ヒリアド15の耐久性を支えるコーデュラ素材の魅力
素材の進化については、ヒリアド15の最も特筆すべき点かもしれません。主生地には、信頼の「100d SD コーデュラ ナイロン 6,6 ドビー」が採用されています。インデックス15で使用されていたナイロンも軽量で優秀でしたが、コーデュラ素材はミリタリーやワークウェアでも使われるほど、摩耗や引き裂きに対して圧倒的な強さを誇ります。
驚くべきは、耐久性が大幅に向上しているにもかかわらず、公称重量が約200gと、インデックス15(220g)よりもさらに軽量化されていることです。これはアークテリクスの素材工学の賜物と言えるでしょう。
また、裏地には200dのポリエステルを使用し、表面には環境に配慮したPFCフリーのDWR(耐久撥水)加工が施されています。これにより、小雨程度であれば十分に弾いてくれる安心感があります。
ただ、一点だけ筆者が気になっているのは、内部のポリウレタン(PU)コーティングです。インデックス15でも数年使うと加水分解による剥離が話題になることがありましたが、これは薄型軽量パックの宿命とも言える課題です。
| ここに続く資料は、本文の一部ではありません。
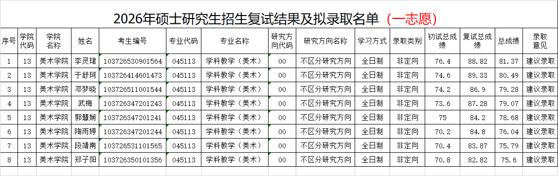 美术学院2026年硕士研究生复试一志愿拟录取名单

ヒリアド15で素材が変わったとはいえ、湿気の多い場所での保管は避けるなど、最低限のケアはしてあげたいところですね。
100dコーデュラナイロンが選ばれた理由
なぜあえて高価なコーデュラ素材を採用したのか。それは、この15リットルという絶妙なサイズが、今や「サミットパック」としてだけでなく、毎日の「通勤・通学」や「お買い物バッグ」として過酷に使い倒されることをアークテリクスが理解しているからだと思います。
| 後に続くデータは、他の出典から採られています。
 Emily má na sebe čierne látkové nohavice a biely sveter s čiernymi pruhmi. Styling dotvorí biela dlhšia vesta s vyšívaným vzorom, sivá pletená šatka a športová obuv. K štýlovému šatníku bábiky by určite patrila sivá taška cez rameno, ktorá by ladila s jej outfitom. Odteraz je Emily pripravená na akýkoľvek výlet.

日常的に使えば、壁に擦れたり床に置いたりする頻度も増えます。そんな場面で、この100dの薄さながらしっかりと中身を守ってくれる安心感こそが、ヒリアド15が支持される最大の理由かなと感じます。
パッカブル機能の使い勝手と収納方法の変更点

インデックス15を名作たらしめていた最大の武器「パッカブル機能」は、ヒヘリアド15でも見事に継承されています。フロントポケットの裏側にある収納用スペースに、本体をぐいぐいと押し込んでいくことで、最終的には手のひらサイズより一回り大きいくらいのポーチ状にまとまります。
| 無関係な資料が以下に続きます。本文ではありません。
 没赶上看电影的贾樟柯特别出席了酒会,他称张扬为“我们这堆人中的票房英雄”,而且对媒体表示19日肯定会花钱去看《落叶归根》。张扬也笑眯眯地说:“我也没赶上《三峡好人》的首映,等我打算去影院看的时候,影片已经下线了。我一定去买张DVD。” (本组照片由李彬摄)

筆者もよくやりますが、登山のメインザックに入れておき、テント場に着いてからの散策用に使ったり、旅行先でのお土産用サブバッグとして持ち歩いたりするのには、これ以上の選択肢はありません。
収納のコツとしては、きれいに畳もうとするよりも、端から少しずつ押し込んでいく方がスムーズに収まる気がします。ヒリアド15になって生地のしなやかさが増したせいか、インデックス15の時よりもパッキング時のストレスが軽減されているように感じます。
収納時の形状もフラットになるように設計されているため、メインバッグの隙間にスッと差し込めるのが本当に便利なんです。
軽量化とトレードオフの構造的限界
ただし、パッカブルである以上、背面にはプラスチック板などのフレームは一切入っていません。そのため、何も入れていない状態だとクニャッと潰れてしまいます。
また、角張ったお弁当箱やハードカバーの本などを入れると、その形がダイレクトに背中に当たることも。これを回避するには、パッキングの際に一番背中側にタオルや雑誌などの平らなものを配置する工夫が必要です。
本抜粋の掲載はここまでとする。